Depuis le 1er octobre, environ 200 personnes sont mortes dans la contestation -inédite parce que spontanée-, interrompue pendant 18 jours le temps du plus important pèlerinage chiite avant de reprendre jeudi. Quarante-deux manifestants ont été tués vendredi, quand les violences ont pris un tour nouveau avec l’incendie dans le sud du pays de dizaines de sièges de partis, de bureaux de députés et surtout des QG des factions armées du puissant Hachd al-Chaabi, coalition de paramilitaires dominée par les milices chiites pro-Iran et alliée du pouvoir irakien. Selon les experts, des miliciens infiltrés parmi les manifestants seraient responsables en partie des violences, avec l’objectif de régler leurs comptes avec d’autres groupes armés. Parmi les 42 morts, plus d’une vingtaine ont péri dans ces incendies et attaques dans différentes villes du Sud, selon la Commission gouvernementale des droits de l’Homme et des sources médicales et policières. De telles violences n’ont pas eu lieu à Bagdad, où les manifestants sur la place Tahrir, proche de la Zone verte où siègent le Parlement et l’ambassade des Etats-Unis, assurent que leur mobilisation contre le pouvoir est pacifique.

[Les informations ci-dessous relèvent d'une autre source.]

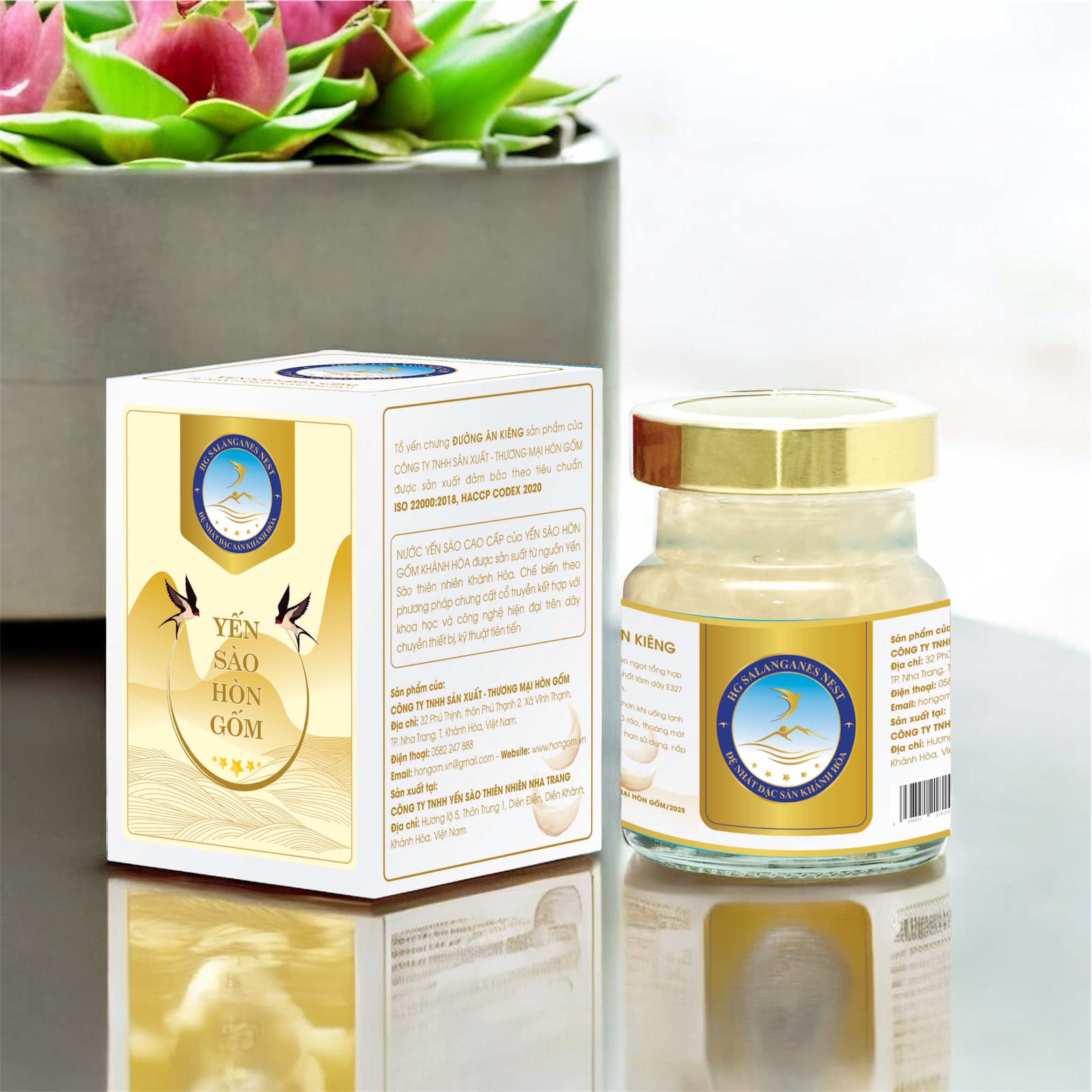 Nước Yến Sào Chưng Đường Ăn Kiêng - Yến Sào Hòn Gốm Khánh Hòa Thương hiệu đạt Top 10 Sao Vàng Thương Hiệu Quốc Gia 2024 Được chiết xuất từ 6g yến tươi nguyên chất,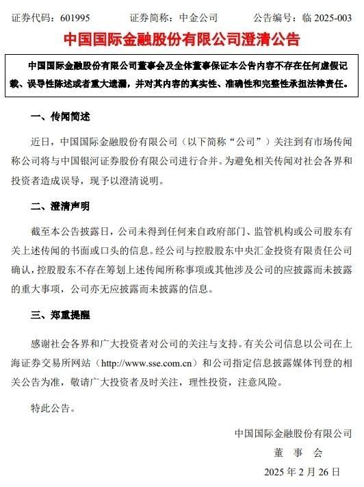 2月26日晚間,中金公司發(fā)布澄清公告稱(chēng):“近日,公司關(guān)注到有市場(chǎng)傳聞稱(chēng)公司將與中國(guó)銀河進(jìn)行合并。截至本公告披露日,公司未得到任何來(lái)自政府部門(mén)、監(jiān)管機(jī)構(gòu)或公司股東有關(guān)上述傳聞的書(shū)面或口頭的信息。”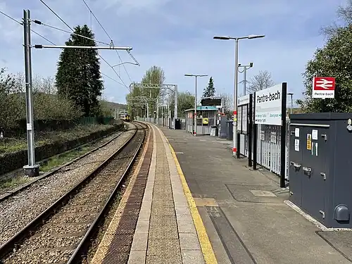 Pentre-bach railway station serves the villages of Pentrebach and Abercanaid in Merthyr Tydfil, Wales. It is located on the Merthyr branch of the Merthyr Line. Passenger services are provided by Transport for Wales.
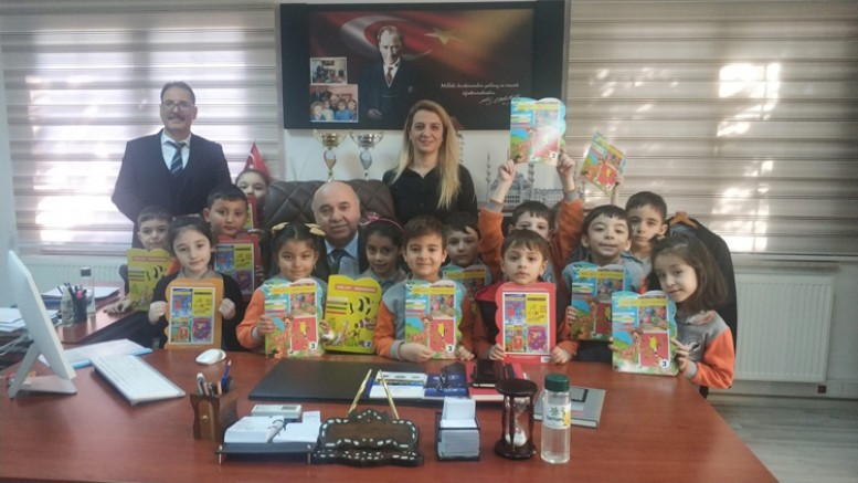 Gümüşhacıköy İlçe Milli Eğitim Müdürü Ercan Gültekin ayni ve nakdi yardımların yanı sıra psikolojik destek yardımlarından dolayı minik öğrencileri ve öğretmenlerini tebrik ederek boyama kitapları hediye etti.

Hier, après avoir replié les couvertures sous lesquelles ils ont dormi sur l’emblématique place, ils ont de nouveau défilé. Les manifestants se disent peu convaincus par la réponse des autorités à leurs demandes d’une nouvelle Constitution et d’une classe politique entièrement renouvelée dans le douzième pays le plus corrompu au monde.

«Ça suffit»
Le Premier ministre Adel Abdel Mahdi a plaidé pour réformer le système d’attribution des postes de fonctionnaires et abaisser l’âge des candidats aux élections dans un pays où 60% de la population a moins de 25 ans. «Ils ont dit aux jeunes: rentrez chez vous, on va vous verser des pensions et vous trouver des solutions, mais c’était un piège», s’emporte une manifestante, venue avec son fils. Vendredi le grand ayatollah Ali Sistani, plus haute autorité religieuse chiite d’Irak, a appelé à la réforme et à la lutte anticorruption, tandis que le turbulent leader chiite Moqtada Sadr, qui a réclamé début octobre la démission du gouvernement, avait menacé de faire descendre ses combattants. «Sadr, Sistani, quelle honte!», lance un manifestant à l’AFP en affirmant défiler parce qu’il n’a «pas un sou». «On nous tire des grenades dessus, ça suffit!» Pour les manifestants, les gouvernements successifs depuis la chute du dictateur Saddam Hussein en 2003 est à bout de souffle alors qu’en 16 ans, la corruption a officiellement coûté 410 milliards d’euros à l’Etat, soit deux fois le PIB de l’Irak, deuxième producteur de l’Opep. «ça suffit! Les vols, les pillages, les gangs, les mafias, l’Etat profond, tout ça… Dégagez! On veut un Etat, les gens veulent seulement vivre», affirme un autre manifestant.

Infiltrés
Derrière lui, des dizaines de jeunes tentent de traverser le pont al-Joumhouriya menant à la Zone verte ont essuyé des tirs de grenades lacrymogènes et assourdissantes. Vendredi, ces projectiles ont tué plusieurs manifestants à Bagdad, selon la Commission gouvernementale des droits de l’Homme. Non loin, le Parlement doit se réunir dans l’après-midi pour «discuter des revendications des manifestants, des décisions du Conseil des ministres et de la mise en oeuvre des réformes», selon son ordre du jour. Jusqu’ici, l’Assemblée a été paralysée par les divisions, et les séances précédentes, qui devaient mener à un remaniement ministériel maintenant annoncé pour la semaine prochaine, ont dû être annulées ou levées faute de quorum. Dans le Sud, de nouveaux appels à manifester ont été lancés, alors que les enterrements des victimes des violences se succèdent après que des dizaines de QG de partis et de groupes armés sont partis en fumée. «La colère populaire se dirige contre eux (…) car ils sont la vitrine évidente du ‘régime’», explique le chercheur Harith Hasan, mais d’autres se sont aussi invités dans ces violences. Ce sont les partisans de Moqtada Sadr, assure l’expert du Carnegie Middle East Center, qui «ont vu une opportunité pour passer à l’action face à des milices concurrentes comme Assaïb Ahl al-Haq, Badr et les brigades du Hezbollah», les plus puissantes du Hachd. Du 1er au 6 octobre, plus de 150 personnes ont été tuées quasiment toutes des manifestants pendant la première semaine de contestation.